1. Smali API

Implementation of a line-based Smali source code parser using a visitor API.

1.1. Overview

The overall structur of a decompiled Smali class is rather simple. In fact a decompiled source class contains:

  • A section describing the class’ modifiers (such as public or private), its name, super class and the implemented interfaces.

  • One section per annotation at class level. Each section describes the name, modifiers (such as runtime or system), and the type. Optionally, there are sub-annotations included as values in each section.

  • One section per field declared in this class. Each section describes the name, modifiers (such as public or static), and the type. Optionally, there are annotations placed within the section.
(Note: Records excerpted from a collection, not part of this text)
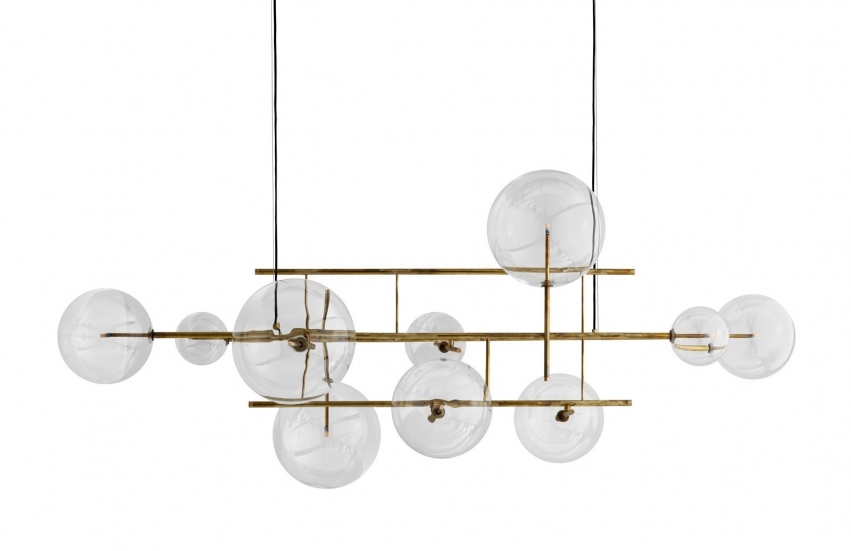 Bolle 水平系列吊燈有十燈球 (A) 與十六燈球 (B) 兩個版本。選用 LED 光點 (G4燈頭,色溫2700) 搭配球狀透明口吹玻璃燈罩、手工打磨黃銅的骨架,並可調光。獨特的手工打磨黃銅工藝,讓表面擁有自然的不歸則紋理與斑點,每件作品都獨一無二。吊燈均附長四米的電線。
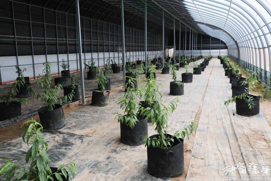 刘坪镇一二三产融合发展中心采用活体盆栽种植模式,已种植秦安蜜桃15000余株,主栽品种包括北京七号、陇油桃1号、陇蜜系列等15个优质品种,85%以活体盆栽种植为主,亩均产量达2吨。自主研发的秦瓴智耘环控系统,构建“室外气象温室环境-桃树物候”三维协同模型,实现全自动化精准调控,将传统“靠天吃饭”的模式升级为“数据驱动型精准农业”,人力成本降低70%,并采用“智眠双季”模式,通过冰点强制休眠与智能温室唤醒技术协同,实现“早春抢鲜”与“寒冬反季”双季供应。
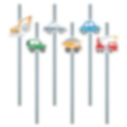 6 st. roliga pappsugrör med färgglada fordon, perfekta till ett kalas med fordonstema. Sugrören är 20 cm långa.

  • One section per method, constructor (<cinit>) and static initializer block (clinit) describing their name, parameter types and return type. Each section may store instruction information.
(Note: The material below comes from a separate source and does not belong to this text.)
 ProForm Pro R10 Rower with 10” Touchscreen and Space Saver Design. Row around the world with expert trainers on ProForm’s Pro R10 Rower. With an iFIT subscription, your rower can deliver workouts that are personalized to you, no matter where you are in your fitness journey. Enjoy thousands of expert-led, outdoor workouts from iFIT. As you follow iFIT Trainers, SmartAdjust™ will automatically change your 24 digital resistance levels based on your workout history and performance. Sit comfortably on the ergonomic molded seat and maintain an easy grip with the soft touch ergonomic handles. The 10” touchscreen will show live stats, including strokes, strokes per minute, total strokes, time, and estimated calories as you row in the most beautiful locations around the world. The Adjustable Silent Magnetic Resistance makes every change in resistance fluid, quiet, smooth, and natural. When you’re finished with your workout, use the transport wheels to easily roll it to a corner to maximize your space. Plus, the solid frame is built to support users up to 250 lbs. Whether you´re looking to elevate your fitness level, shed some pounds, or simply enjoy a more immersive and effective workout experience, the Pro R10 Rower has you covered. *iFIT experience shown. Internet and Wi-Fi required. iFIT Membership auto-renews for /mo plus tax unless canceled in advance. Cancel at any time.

  • Sections for line-based comments (lines that start with a #).

As Smali source code files does not contain any package or import statements like they are present Java classes, all names must be fully qualified. The structure of these names are described in the Java ASM documentationin section 2.1.2 [1].

1.1.1. Type descriptors

Type descriptors used in Smali source code are similar to those used in compiled Java classes. The following list was taken from ASM API [1]:

Type descriptors of some Smali types

Smali type

Type descriptor

Example value

void

V

boolean

Z

true or false

char

C

'a'

byte

B

1t

short

S

2s

int

I

0x1

float

F

3.0f

long

J

5l

double

D

2.0

Object

Ljava/lang/Object;

boolean[]

[Z

The descriptors of primitive types can be represented with single characters. Class type descriptors always start with a L and end with a semicolon. In addition to that, array type descriptors will start with opened square brackets according to the number of dimensions. For instance, a two dimensional array would get two opened square brackets in its type descriptor.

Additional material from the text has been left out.